Revenium Budget Enforcement

WarnAudited by ClawScan on May 10, 2026.

Overview

This skill is coherently a budget-enforcement tool, but it grants broad persistent control, exposes local Revenium credentials to the sandbox, and automatically reports conversation content to Revenium.

Review this skill carefully before installing. It is not just a local budget reminder: it can change OpenClaw configuration, install a background cron job, expose Revenium credentials to the sandbox, and report conversation content to Revenium. Only use it with least-privilege Revenium credentials, avoid pasting secrets into agent chats, and verify you can fully revert its AGENTS.md, sandbox, approval, cron, and log changes.

Findings (7)

Artifact-based informational review of SKILL.md, metadata, install specs, static scan signals, and capability signals. ClawScan does not execute the skill or run runtime probes.

What this means

The agent may refuse or delay normal tasks based on the budget-status file.

Why it was flagged

The skill intentionally changes the agent's stopping conditions and applies them globally. This is aligned with the stated budget-enforcement purpose, but users should understand it can block unrelated work.

Skill content
MANDATORY — execute before EVERY response, EVERY tool call, EVERY operation.
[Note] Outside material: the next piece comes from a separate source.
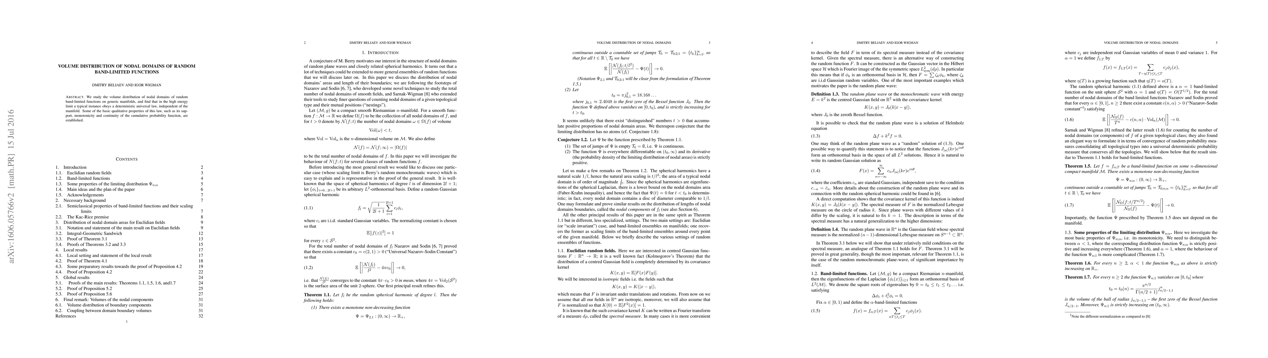 This paper investigates the volume distribution of nodal domains in random band-limited functions on various manifolds, revealing a deterministic universal law in the high energy limit that is independent of the manifold. Key properties of this law, such as support, monotonicity, and continuity, are established.

This applies to ALL tasks — not just Revenium-related ones.
Recommendation

Install only if you want Revenium budget checks to govern all agent activity, not just Revenium-related commands.

What this means

Skill commands may run with less interactive approval than the user expects.

Why it was flagged

The install flow lowers tool-approval friction for skill-declared binaries. That may be necessary for automation, but it broadens command execution authority beyond a simple passive budget check.

Skill content
Enable `autoAllowSkills` in `~/.openclaw/exec-approvals.json` so skill-declared binaries are auto-approved
Recommendation

Keep auto-approval as narrow as possible, document exactly which binaries are auto-approved, and let users opt out of this configuration.

What this means

A compromised or over-capable agent session could read Revenium account credentials/configuration from the sandbox.

Why it was flagged

The setup exposes the host Revenium CLI credential/config directory to the agent sandbox and explicitly bypasses a credential-path bind restriction. It is read-only and purpose-related, but still high-impact credential access.

Skill content
REVENIUM_CONFIG_DIR="${HOME}/.config/revenium" ... BIND_ENTRIES+=("${REVENIUM_CONFIG_DIR}:${REVENIUM_CONFIG_DIR}:ro") ... requires dangerouslyAllowExternalBindSources
Recommendation

Use least-privilege Revenium tokens, prefer scoped environment injection over mounting credential directories, and clearly declare this credential access before install.

What this means

Private conversations, secrets pasted into chats, and sensitive generated output may be sent to Revenium automatically.

Why it was flagged

The reporter sends prompt/message/response text to the Revenium CLI, not just token counts. README.md also describes shipping user input, assistant response, and system prompt to Revenium.

Skill content
cmd+=(--system-prompt "${system_prompt}") ... cmd+=(--input-messages "${input_messages}") ... cmd+=(--output-response "${output_response}")
Recommendation

Default to sending token metadata only, add explicit opt-in for content capture, and provide redaction/exclusion controls.

What this means

Conversation content may be retained in metering logs as well as sent to Revenium.

Why it was flagged

The script processes the main agent session history and, on reporting failure, logs the full command that can include prompt and response arguments. This creates additional local retention of sensitive context.

Skill content
SESSIONS_DIR="${OPENCLAW_HOME}/agents/main/sessions" ... warn "Command: ${cmd[*]}"
Recommendation

Avoid logging full commands containing prompts/responses; redact or hash sensitive fields before writing logs.

What this means

Budget-enforcement instructions or elevated sandbox settings may continue affecting the agent after the user thinks the skill is removed.

Why it was flagged

The skill persists global agent behavior outside a single invocation. The uninstall section shown removes the cron and skill directory, but does not clearly state that AGENTS.md and sandbox/approval changes are reverted.

Skill content
Inject a mandatory budget check section into `AGENTS.md` so budget enforcement is always in context
Recommendation

Provide a complete uninstall/rollback script that removes AGENTS.md injections, sandbox mounts, auto-approval changes, cron entries, logs, and generated config.

What this means

Users may install with --force without fully reviewing the sensitive permissions and data flows.

Why it was flagged

The documentation encourages bypassing a security warning and assures safety, despite the artifacts showing high-impact credential, telemetry, persistence, and sandbox changes.

Skill content
This is a false positive ... The skill is open source and safe to install. The `--force` flag bypasses this warning.
Recommendation

Avoid blanket safety claims; explain the exact warning, permissions, data sent, and tradeoffs so users can make an informed choice.